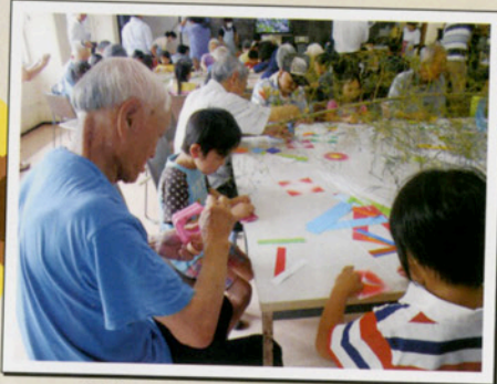
園児と七夕飾り作成中☆
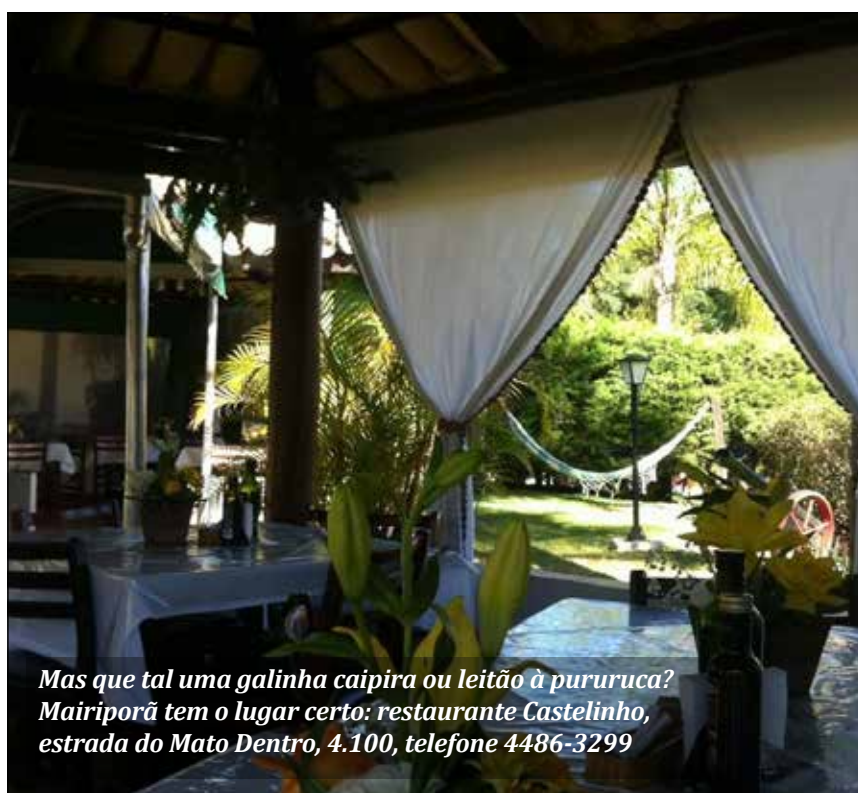
Mas que tal uma galinha caipira ou leitão à pururuca? Mairiporã tem o lugar certo: restaurante Castelinho, estrada do Mato Dentro, 4.100, telefone 4486-3299

Depois de recheado cubra-o com o restante da massa e leve ao forno médio por 20 minutos ou até dourar.
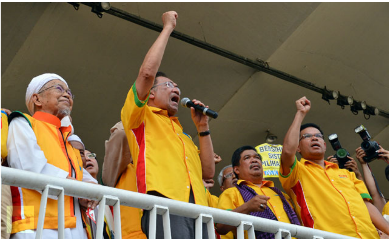
Malgré tous les efforts de Bersih pour se présenter comme apolitique, le mouvement est clairement dirigé par l'opposition soutenue par les Etats-Unis, dont le chef

« Il devait rencontrer le leader de l'opposition Anwar Ibrahim avec d'autres parlementaires australiens, ainsi que le ministre malais chargé des affaires parlementaires, Mr Mohamed Nazri, et des membres du groupe Bersih, la coalition pour des élections justes et en règle. »
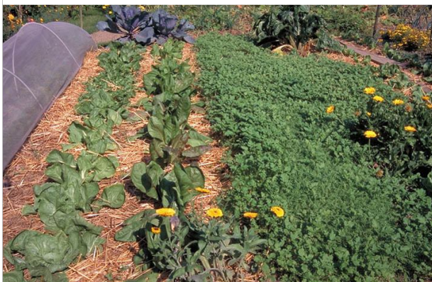
31 - Le paillage est aussi utile dans le potager
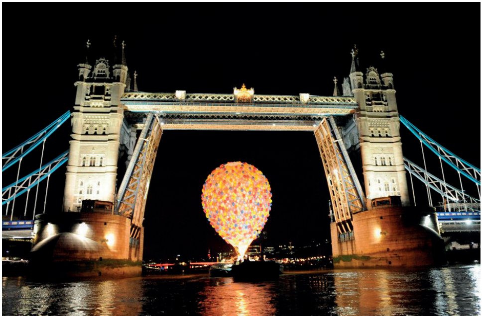
Fig. 2. Acción publicitaria para Up en el Tower Bridge de Londres.

aspecto común del cine de animación es la ilusión de realidad: “Hablar de animación es hablar de una serie de técnicas diversas que logran crear una ilusión de realidad —o una plausible y orgánica irrealidad— a través del artificio” (2010: 15). 12 De hecho, uno de los textos clave sobre el cine de animación, escrito por Frank Thomas y Ollie Johnston, míticos animadores de Disney, lo definía como “ilusión de vida” (Thomas, Johnston, 1981). 13 En efecto, realidad y ficción son elementos clave en la propia definición del cine de animación, hasta el punto de que, para diferenciarlo de las películas con actores de carne y hueso llamamos a estas “cine de imagen real”.

========================

• _Task to carry out_:
Pictures included in the data should be dropped; everything else must be repeated exactly.

• _Expected answer_:
園児と七夕飾り作成中☆
Mas que tal uma galinha caipira ou leitão à pururuca? Mairiporã tem o lugar certo: restaurante Castelinho, estrada do Mato Dentro, 4.100, telefone 4486-3299

Depois de recheado cubra-o com o restante da massa e leve ao forno médio por 20 minutos ou até dourar.
Malgré tous les efforts de Bersih pour se présenter comme apolitique, le mouvement est clairement dirigé par l'opposition soutenue par les Etats-Unis, dont le chef

« Il devait rencontrer le leader de l'opposition Anwar Ibrahim avec d'autres parlementaires australiens, ainsi que le ministre malais chargé des affaires parlementaires, Mr Mohamed Nazri, et des membres du groupe Bersih, la coalition pour des élections justes et en règle. »
31 - Le paillage est aussi utile dans le potager
Fig. 2. Acción publicitaria para Up en el Tower Bridge de Londres.

aspecto común del cine de animación es la ilusión de realidad: “Hablar de animación es hablar de una serie de técnicas diversas que logran crear una ilusión de realidad —o una plausible y orgánica irrealidad— a través del artificio” (2010: 15). 12 De hecho, uno de los textos clave sobre el cine de animación, escrito por Frank Thomas y Ollie Johnston, míticos animadores de Disney, lo definía como “ilusión de vida” (Thomas, Johnston, 1981). 13 En efecto, realidad y ficción son elementos clave en la propia definición del cine de animación, hasta el punto de que, para diferenciarlo de las películas con actores de carne y hueso llamamos a estas “cine de imagen real”.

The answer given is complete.